Hybrid modeling of cross-flow filtration: Predicting the flux evolution and duration of ultrafiltration processes (05/2020)
In this publication, we present a new hybrid model structure to predict the duration of crossflow ultrafiltration. We highlight the advantages of this approach compared to the film theory, show how it predicts batch and fed-batch filtrations and its use as a digital twin to evaluate the influences of various process parameters on ultrafiltration processes.
Comparison of Modeling Methods for DoE‐Based Holistic Upstream Process Characterization (02/2020)
To outline the limitations and shortcomings of state of the art modeling techniques, we performed an extensive DoE study and compared the well-established response surface and black-box model methodologies with more advanced hybrid modeling. We demonstrate that hybrid models are superior to these techniques and possess advantageous features for implementing advanced process control tools.

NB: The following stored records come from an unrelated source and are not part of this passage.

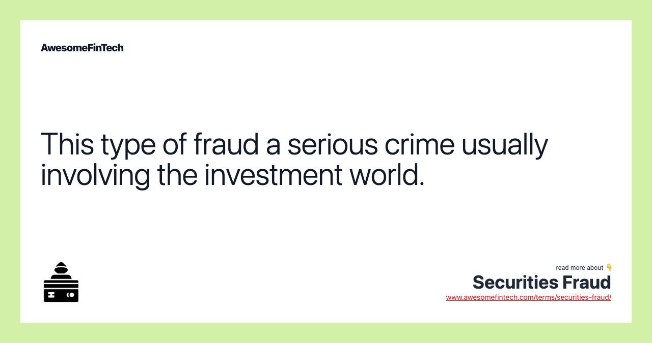 Securities fraud, also referred to as stock or investment fraud, is a type of serious white-collar crime that can be committed in a variety of forms but primarily involves misrepresenting information investors use to make decisions. The Federal Bureau of Investigation (FBI) describes securities fraud as criminal activity that can include high yield investment fraud, Ponzi schemes, pyramid schemes, advanced fee schemes, foreign currency fraud, broker embezzlement, hedge fund related fraud, and late-day trading. In many cases, the fraudster seeks to dupe investors through misrepresentation and to manipulate financial markets in some way. Securities fraud, also referred to as stock or investment fraud, is a type of serious white-collar crime that can be committed in a variety of forms but primarily involves misrepresenting information investors use to make decisions. Securities fraud can also include false information, pump-and-dump schemes, or trading on insider information. The FBI warns that security fraud is often noted by unsolicited offers and high-pressure sales tactics on the part of the fraudster, along with demands for personal information such as credit card information and Social Security numbers. The Securities and Exchange Commission (SEC), the FBI, and other federal and state agencies
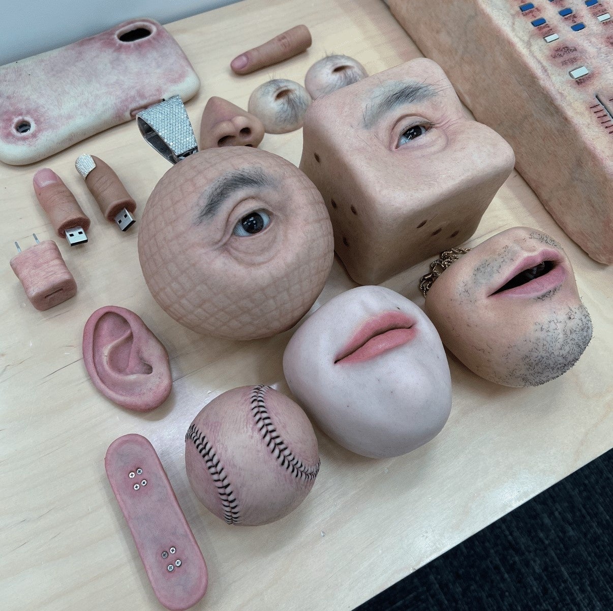 人肉iPhoneケース、人肉iPhone充電器、人肉USB(親指)、人肉栓抜き(耳)、人肉フィンガーボード、人肉ミラーボール(右目)、人肉野球ボール、人肉ショットグラス(鼻)、人肉印鑑(薬指)、人肉小銭入れ(口)、人肉レコードアダプター(へそ)、人肉サイコロ(左目)、人肉MPC2000XL (L→R)
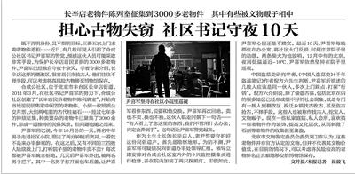 12月12日本报A5版以《担心古物失窃 社区书记守夜10天》为题报道了此事。
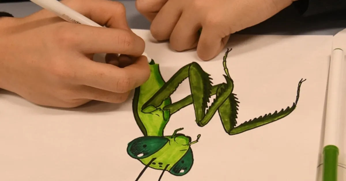 Using green and black markers, James Harris, 13, of Winters colored Merritt's drawing of a praying mantis as his father, Rick Harris, watched. No stranger to the campus, Rick Harris received his master's degree in systematic entomology from UC Davis, studying with major professor Robbin Thorp, distinguished emeritus professor of entomology. One of Rick's classmates was Lynn Kimsey, now director of the Bohart Museum of Entomology and professor of entomology.
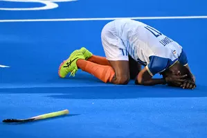 Paris, Aug 7 The Indian men's hockey team played its heart out but went down 2-3 to World Champion Germany in the second semifinal at the Paris Olympic Games here on Tuesday, the players falling onto the turf with tears in their eyes. India’s hunt for their first gold medal in 44 years came to a heartbreaking end as Shamsher Singh shot over the crossbar with what was the last hit of the day, missing the equaliser by inches. India were hoping to reach the final for the first time since the 1980 Games in Moscow.
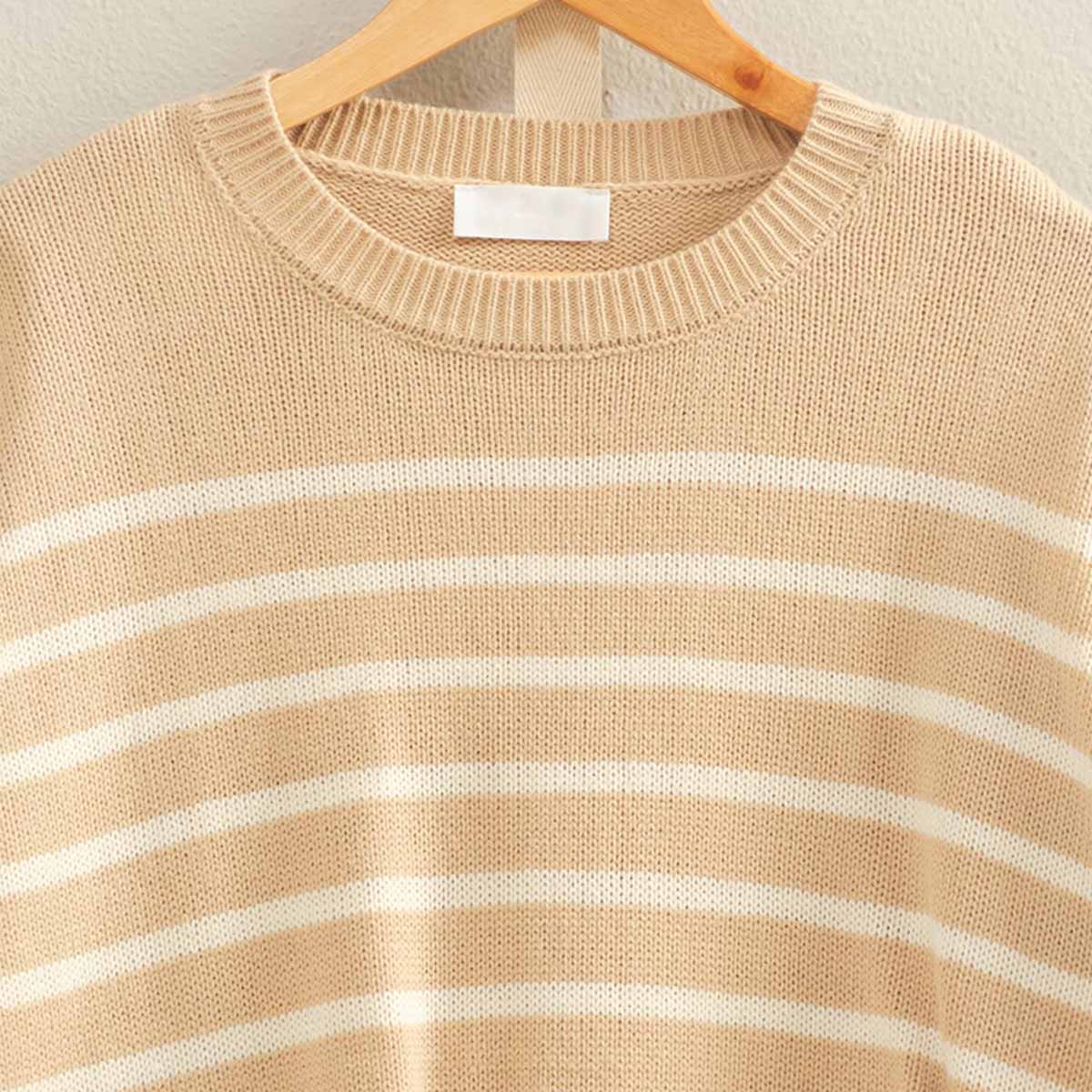 Set beige de rayas combina elegancia y comodidad, ideal para cualquier ocasión sofisticada. La blusa de manga larga con cuello redondo aporta un look refinado, mientras que el short con elástico en la cintura asegura un ajuste cómodo y práctico. Su diseño clásico de rayas realza el estilo sin sacrificar la funcionalidad.
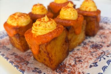Patatas crujientes por fuera y melosa or dentro,u all i oli casero brutal, una salsa bravas casera como mandan los cánones y rematadas con un toque de Pimentón de la vera, pero mejor que te lo cuente…Es que las pruebes!!!!
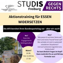 Aktionstraining für ESSEN WIDERSETZEN Sonntag, 16.06.24 um 11:00 Uhr - So., 16.06.2024 - 17:30 Die AFD bereitet ihren Bundesparteitag vor - aber wir auch! Haus des Engagements
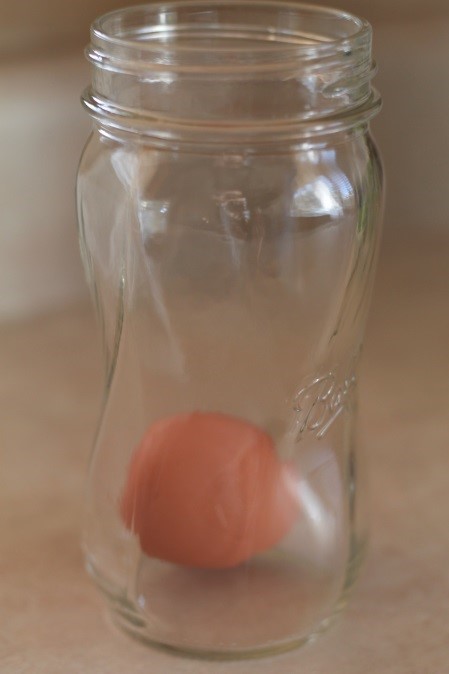 Gently place the egg in the mason jar.
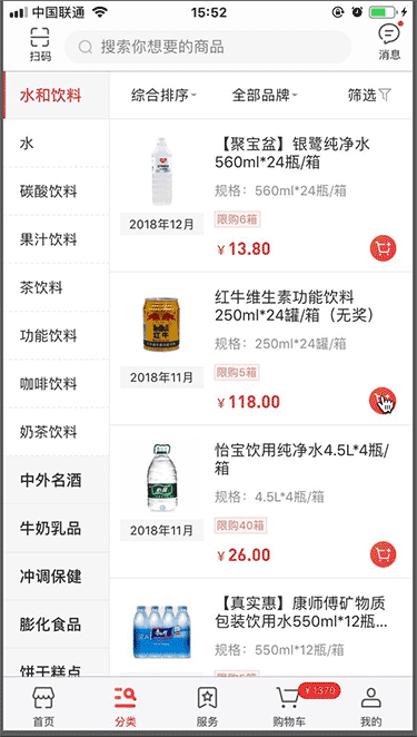 店加是一个便利店老板采购进货的平台。在分类列表页面,用户会进行批量加购操作。购买N个相同的商品,用户有两种方式:一种是先找到要买的商品添加到购物车,再到购物车列表中调整每个商品的数量N;另一种是找到每个商品后,加购N次。

Soft sensor based on 2D‐fluorescence and process data enabling real‐time estimation of biomass in Escherichia coli cultivations (10/2019)
In this publication, we present the complete workflow to develop an accurate biomass soft sensor, from process data collection to implementing the final model. By the additional use of an advanced 2D-fluorescence sensor, a deeper examination of the cells' metabolism was possible, facilitating deeper process understanding.
The shortcomings of accurate rate estimations in cultivation processes and a solution for precise and robust process modeling (09/2019)
Herein, we deal with the established but disadvantageous state of the art techniques to calculate specific rates in upstream processes. Consecutively, we present a highly precise and robust method, which is not susceptible to analytical errors, enabling batch to batch comparability and closer process investigation.
Other scientific contributions
Beyond Purely Data-Driven Strategies for Efficient Knowledge Management in the Process Industries (09/2019)
This article provides an overview of the current situation in the biopharmaceutical industry and gives an understanding of the advantages of incorporating data and process knowledge to achieve the highest possible benefits for the business.
Bioprocess Characterization: What’s the Fuss? (06/2019)
Dealing with bioprocess characterization, Mark provides a comprehensive overview of the necessity and importance of this process task but also shortcomings incorporated in the current implementation, e.g., a high number of required experiments to gain sufficient process knowledge. To overcome these, implemented features of the Novasign toolbox, such as hybrid modeling and digital twin applications as well as intensified DoE, can be applied.
Hybrid Modeling and Intensified DoE Enabling Faster Process Development, Soft Sensors and Model Predictive Control
Mark presented how to efficiently combine process knowledge with process data into one beneficial hybrid model structure for bioprocess development. On the basis of our use cases, he pinpoints the huge saving of time, and how to use these models for soft-sensing and model predictive control for both up- and downstream.
Empowering Artificial Intelligence and Process Knowledge using Hybrid Models to speed up Bioprocess Development significantly
In the course of this webinar, Mark presents the advantages of combining process data and process knowledge into one beneficial hybrid model structure for bioprocess development. On the basis of our use cases, he pinpoints the huge saving of time and thereto related expenses.
Soft Sensors for Bioprocess Monitoring
In this interview with the editor of the BioProcess International magazine, addressing intelligent biomanufacturing, Benjamin talks about soft sensors, their application area, implementation as well as current limitations and how to overcome these.